(DATA Opens)
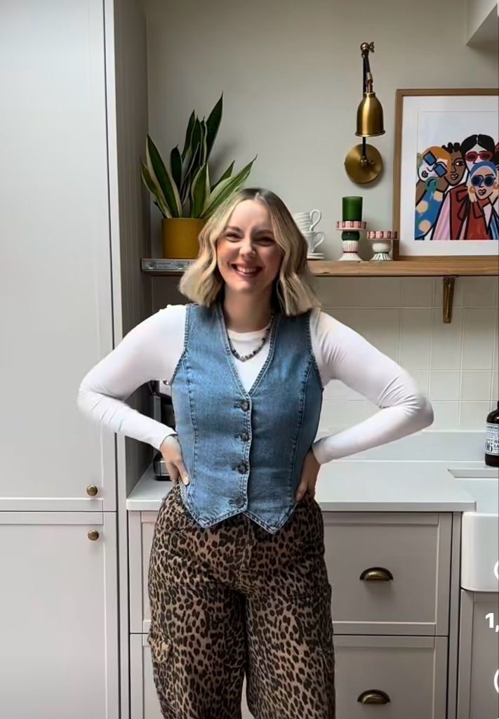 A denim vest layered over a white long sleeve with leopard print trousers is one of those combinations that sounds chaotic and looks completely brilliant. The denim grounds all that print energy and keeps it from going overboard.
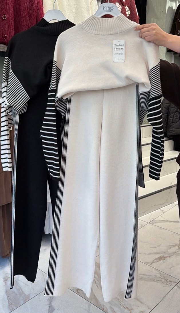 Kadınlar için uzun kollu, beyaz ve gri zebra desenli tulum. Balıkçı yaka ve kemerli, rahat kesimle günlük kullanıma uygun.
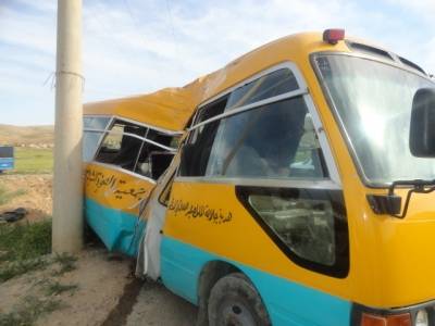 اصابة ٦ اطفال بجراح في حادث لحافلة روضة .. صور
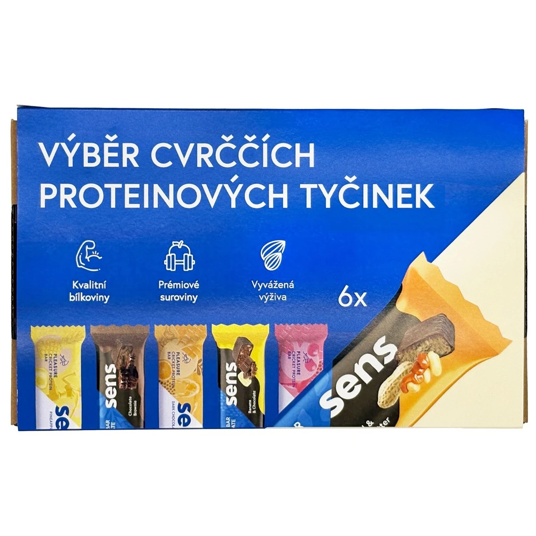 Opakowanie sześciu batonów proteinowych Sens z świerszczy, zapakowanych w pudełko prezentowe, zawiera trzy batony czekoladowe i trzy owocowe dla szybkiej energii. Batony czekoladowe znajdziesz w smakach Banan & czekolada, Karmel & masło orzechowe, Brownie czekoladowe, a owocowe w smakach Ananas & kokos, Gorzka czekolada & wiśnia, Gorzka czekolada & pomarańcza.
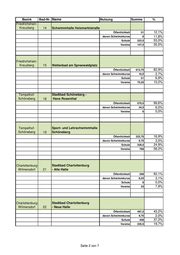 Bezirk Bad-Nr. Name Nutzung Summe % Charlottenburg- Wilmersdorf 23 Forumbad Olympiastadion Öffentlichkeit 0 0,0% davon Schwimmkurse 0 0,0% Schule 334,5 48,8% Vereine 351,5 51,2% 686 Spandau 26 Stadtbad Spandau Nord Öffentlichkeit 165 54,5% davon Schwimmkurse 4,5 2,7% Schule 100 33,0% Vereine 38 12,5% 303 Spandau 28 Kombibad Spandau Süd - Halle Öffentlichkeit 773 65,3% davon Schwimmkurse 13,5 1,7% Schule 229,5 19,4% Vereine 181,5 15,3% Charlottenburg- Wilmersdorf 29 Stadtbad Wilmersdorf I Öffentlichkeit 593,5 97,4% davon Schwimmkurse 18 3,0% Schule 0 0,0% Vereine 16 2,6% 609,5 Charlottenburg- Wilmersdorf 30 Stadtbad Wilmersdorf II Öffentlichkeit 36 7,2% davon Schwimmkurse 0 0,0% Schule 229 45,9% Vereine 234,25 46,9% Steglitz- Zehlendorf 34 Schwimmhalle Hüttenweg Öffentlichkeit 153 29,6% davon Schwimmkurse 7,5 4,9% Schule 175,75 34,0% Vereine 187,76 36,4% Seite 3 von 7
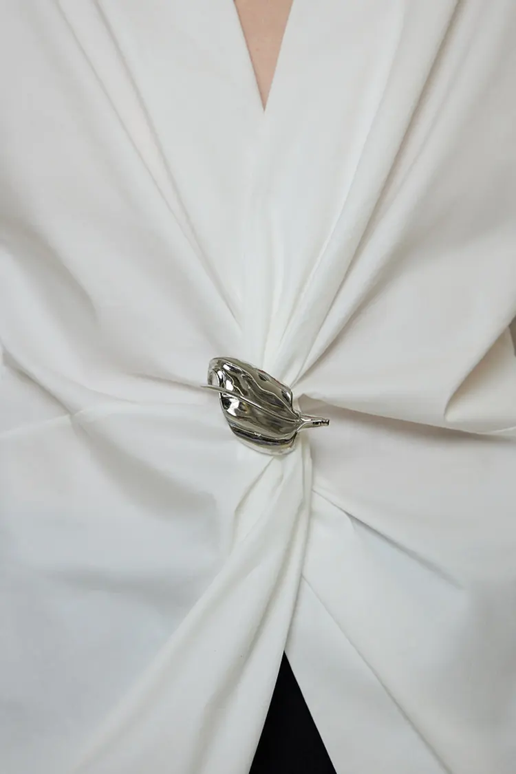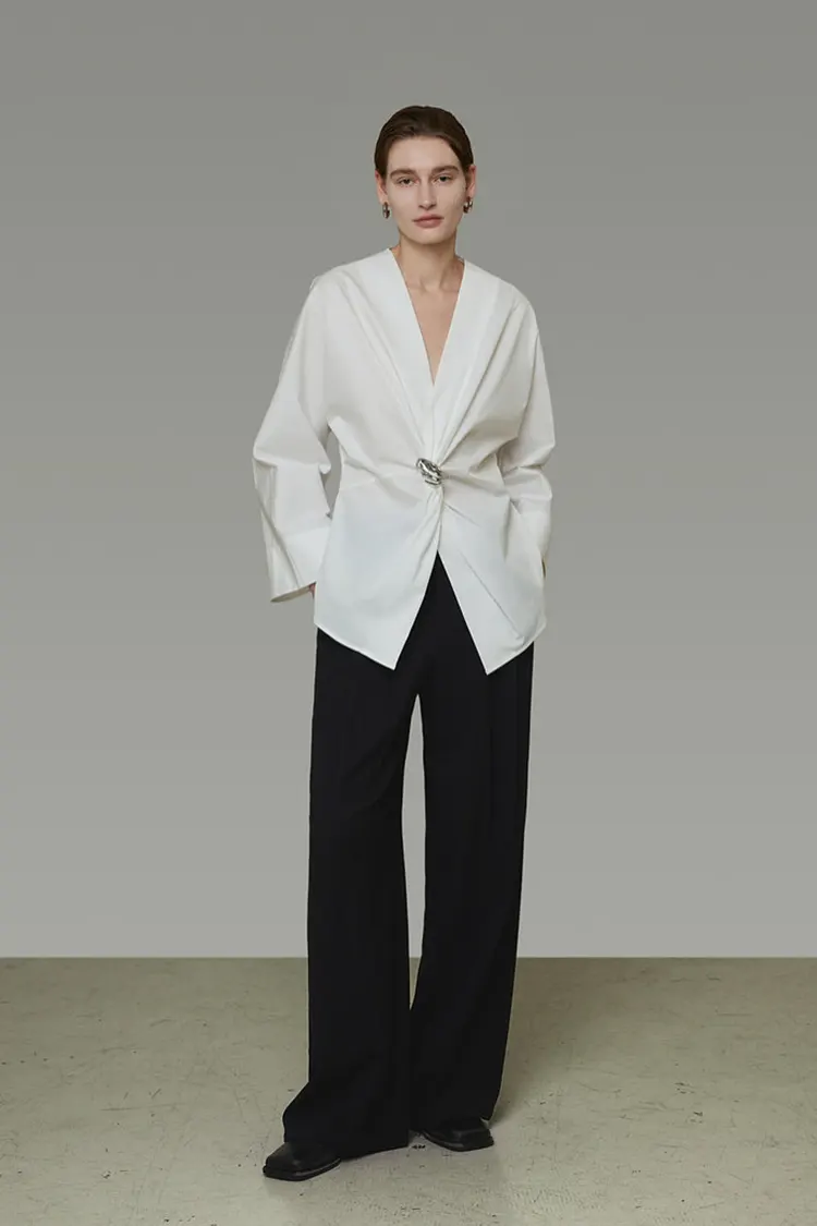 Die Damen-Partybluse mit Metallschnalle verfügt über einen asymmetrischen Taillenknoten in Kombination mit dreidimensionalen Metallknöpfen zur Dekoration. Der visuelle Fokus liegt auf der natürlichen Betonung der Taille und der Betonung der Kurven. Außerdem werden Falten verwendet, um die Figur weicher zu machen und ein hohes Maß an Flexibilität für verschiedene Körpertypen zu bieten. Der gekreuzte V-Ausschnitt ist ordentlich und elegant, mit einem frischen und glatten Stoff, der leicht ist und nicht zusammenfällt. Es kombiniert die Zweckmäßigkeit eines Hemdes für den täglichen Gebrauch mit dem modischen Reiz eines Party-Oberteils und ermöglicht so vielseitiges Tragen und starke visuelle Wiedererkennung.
(DATA Closes)
- [THE PROBLEM] Transcribe exactly, please, the lines between the start of the records above and the line holding "Opakowanie sześciu batonów", counting both of those lines and omitting pictures.

- [EXERCISE ANSWER]
 A denim vest layered over a white long sleeve with leopard print trousers is one of those combinations that sounds chaotic and looks completely brilliant. The denim grounds all that print energy and keeps it from going overboard.
 Kadınlar için uzun kollu, beyaz ve gri zebra desenli tulum. Balıkçı yaka ve kemerli, rahat kesimle günlük kullanıma uygun.
 اصابة ٦ اطفال بجراح في حادث لحافلة روضة .. صور
 Opakowanie sześciu batonów proteinowych Sens z świerszczy, zapakowanych w pudełko prezentowe, zawiera trzy batony czekoladowe i trzy owocowe dla szybkiej energii. Batony czekoladowe znajdziesz w smakach Banan & czekolada, Karmel & masło orzechowe, Brownie czekoladowe, a owocowe w smakach Ananas & kokos, Gorzka czekolada & wiśnia, Gorzka czekolada & pomarańcza.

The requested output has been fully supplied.